4. Les confusions à éviter

 
Te voilà rodé(e) à l’art de l’acte administratif unilatéral mais attention, il est encore possible de le confondre avec d’autres actes.
 

L’acte législatif

 

En principe, si un acte est pris par un organe législatif, l’acte sera législatif et non administratif : critère organique.

Par exception, tous les actes individuels des assemblées parlementaires à propos de leurs agents sont des actes administratifs unilatéraux.
 

L’acte juridictionnel

 

Lorsque l’acte porte sur l’exécution du service de la justice, c’est un acte juridictionnel.

Ex : un arrêt du Conseil d’Etat, une décision des magistrats du parquet, etc.

Au contraire, lorsque l’acte porte sur l’organisation du service public de la justice, c’est un acte administratif unilatéral. (T. conf. « Préfet de la Guyane » 27/11/1952)

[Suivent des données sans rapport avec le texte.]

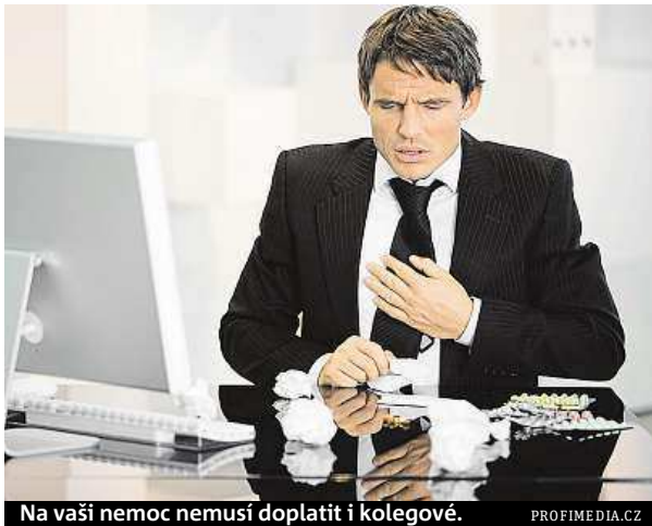
Na vaši nemoc nemusí doplatit i kolegové.

Mnozí totiž chodí do práce nemocní kvůli tomu, že nechtějí ztratit peníze. První tři dny nemocenské jsou neplacené a od čtvrtého do čtrnáctého dne poskytuje zaměstnavatel náhradu mzdy za pra-
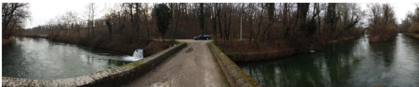
panoramica 04 vista dal ponte sul Naviglio Sforzesco; i terreni del lotto 2a iniziano di fronte all'automobile
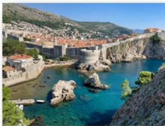
Slika 12. Dubrovačke zidine
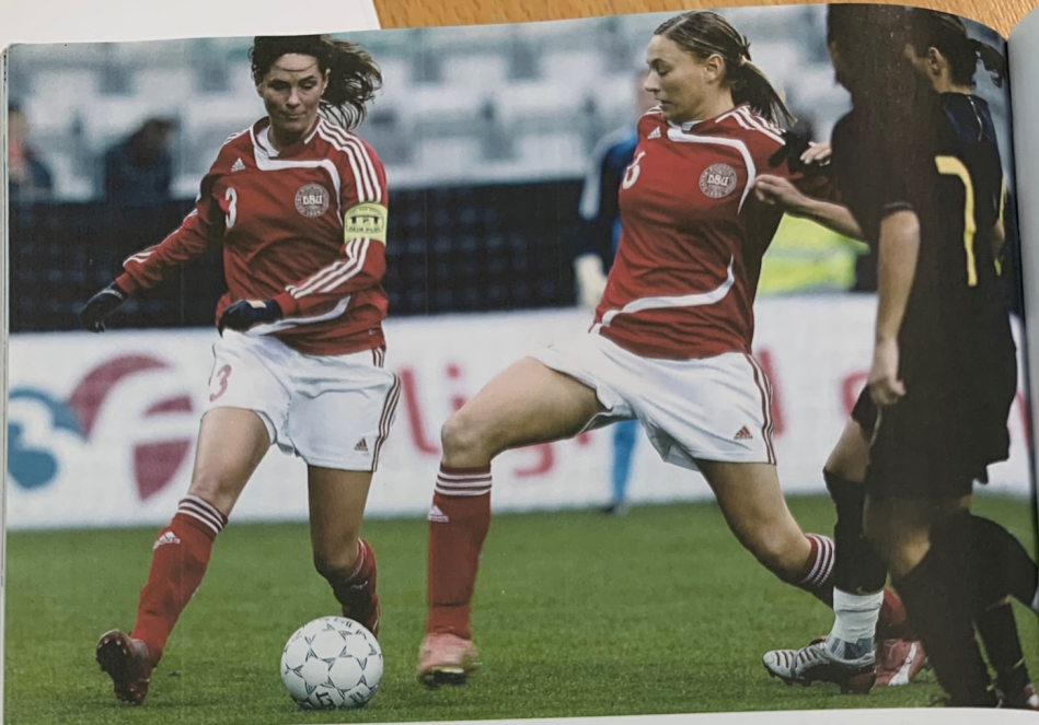
Ill. 19.9 Engang var det næsten umuligt at forestille sig, at kvinder en dag skulle begynde at spille fodbold. Billedet er fra en kamp mellem Danmark og Portugal i 2007, som Danmark i øvrigt vandt 1-0.

arbejde over, samtidig med at han igen føler, han svigter sin rolle som far, eller det kan tilsvarende være kvinden, der har svært ved at forene sin moderrolle med sin erhvervsrolle.
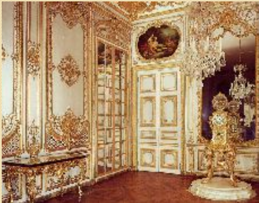
Версаль. Интерьер. Франция 1661
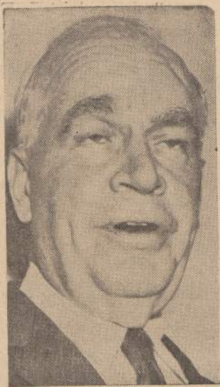
Naujai išrinktas prezidentas John F. Kennedy jau pradėjo sudarinėti savo kabineto narius, paskirdamas North Carolina valstybės gubernatorių, Luther H. Hodges, prekybos sekretoriumi. Tiesa, žinios apie tą paskyrimą nėra oficialios.

Laukimas, kad štai automobilis bile minutę sustos, buvo tikrai kamuojantis. Ir koks mūsų buvo džiaugsmas, kai pamatėme kelis geso tankus. Buvome tikri, kad netoli kur bus ir gazolino stotis. Ir tikrai netrukus stotį privažiavome. Ir
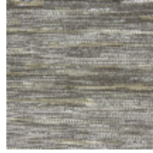
0611-05 MERISIER - ARGENT
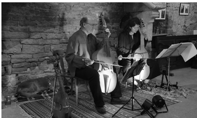
Concert de viole de gambe
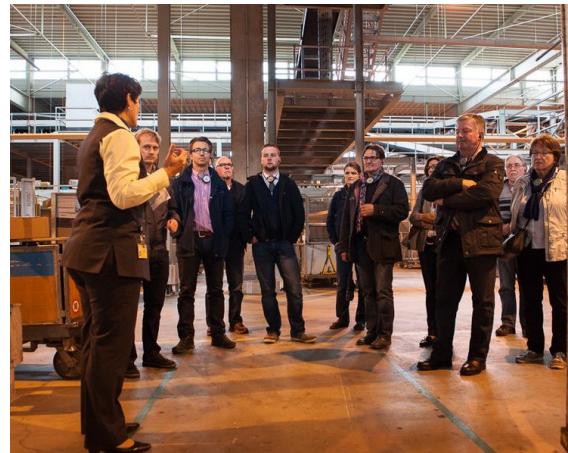
Gwärbler beim aufmerksamen Zuhören.

Anschliessend ging es durch die Hallen des Briefverteilzentrums, welches ein Steinwurf vom Paketzentrum entfernt ist. Dort konnten wir beobachten wie pfeilschnell die Briefsortierung an die entsprechenden Postleitzahlengebiete zugeteilt wird.

Ex : la création et la répartition de tribunaux judiciaires sur le territoire, les mesures individuelles concernant les magistrats judiciaires, etc.

La distinction entre les deux peut être encore plus subtile.
Les actes du juge d’application des peines qui modifient la durée ou la nature de la peine sont des actes juridictionnels. En revanche, ses autres actes sont des actes administratifs unilatéraux.

La grâce
 est un acte juridictionnel parce qu’elle n’efface pas la condamnation prononcée mais dispense de peine tandis que l’amnistie est un AAU parce qu’elle efface la condamnation prononcée. Le juge en déduit que cela ne peut donc plus se rattacher à aucun jugement. (CE « Electricité de Strasbourg » 24/11/1961)
 

L’acte de gouvernement

 

L’acte de gouvernement est un acte particulier, il émane des hautes autorités administratives et porte sur le domaine de la fonction gouvernementale.

Contrairement à l’acte administratif unilatéral, l’acte de gouvernement est insusceptible de tout recours juridictionnel.